- Born: 1952
- Died: 2 June 2020 (aged 67–68) South Sudan
- Citizenship: South Sudan
- Occupation: Politician
- Employer: South Sudan Government
- Organization(s): Ministry of Justice and Constitutional matters
- Political party: SPLM

= John Luk Jok =

South Sudanese politician (died 2020)

John Luk Jok (1952 – 2 June 2020) was a South Sudanese politician.

He was educated at the University of Khartoum from 1974 to 1977, where he earned a law degree. He later graduated from the London School of Economics in 1983.

Jok served as minister of justice from 10 July 2011 until 12 March 2020, when he was appointed minister of east African affairs.

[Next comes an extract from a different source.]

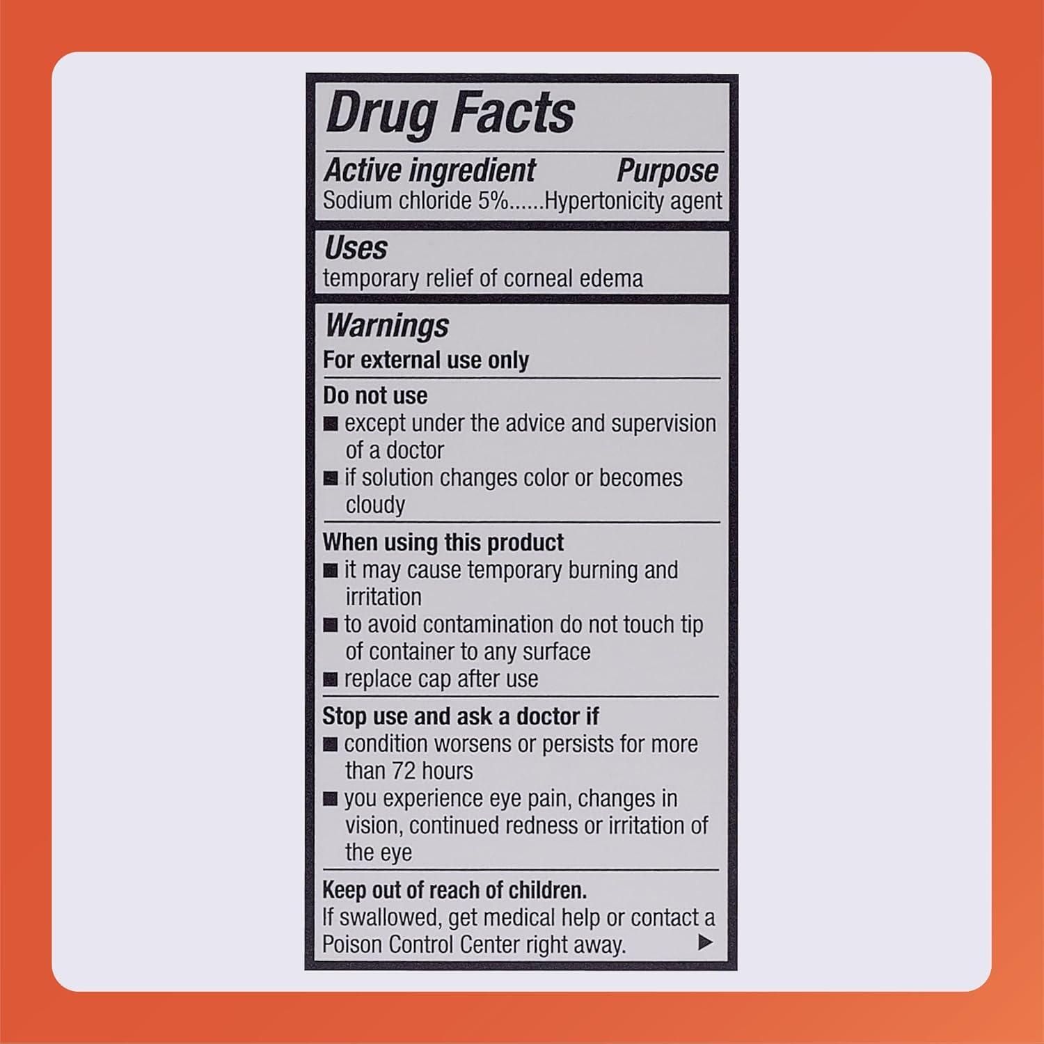 • Active: Sodium Chloride 5% – Hypertonicity agent for reducing corneal edema

Jok died in his home in Juba on 2 June 2020, aged 68 from COVID-19.

== Life ==
Jok was born c. 1952 in Akobo, Jonglei. He studied at the University of Khartoum and at the London School of Economics and Political Science (1974–1983), where he earned a Bachelor of Laws and a Masters in Economics.

He belonged to the Sudan People's Liberation Movement (SPLM). In 1983, he was appointed Deputy Spokesman of the SPLM/A in the UK and held the post until joining Riek Machar in August 1991. Then, in 1995, he separated from Machar and joined William Nyuon's faction.

He later returned to the SPLM/A and was one of John Garang's advisors during the Naivasha Agreement (CPA) negotiations. Following the Comprehensive Peace Agreement, he was appointed minister of youth and sport (2005–2008) and minister of petroleum, energy and mining (2008–2010).

In the 2010 elections, he was unable to prevail in Akobo West. Although he did not receive a seat in parliament, President Salva Kiir Mayardit appointed him Minister of Justice. He held this post until July 2013, when the president dissolved the government.

As minister of justice, he played a key role in drafting the constitution of South Sudan, which concentrated power in the hands of the president. After the civil war broke out in 2013, he was imprisoned and accused, along with nine others, of attempting to overthrow the country.

The charge was later dropped, and Jok was sent into exile in Kenya. Following a peace deal with the government, he was appointed Minister of Transport and then Minister of East African Affairs in the renewed Government of National Unity in March 2020, the Revitalized Transitional Government of National Unity (RTGoNU).

== Death ==
Jok died in his home in Juba, on June 2, 2020 at the age of 68. His nephew Deng Bol, told Radio Tamazuj that John Luk died at home after a heart attack. “Luk had also been ailing from high blood pressure and malaria. On Tuesday at around 3 am, his blood pressure went high.”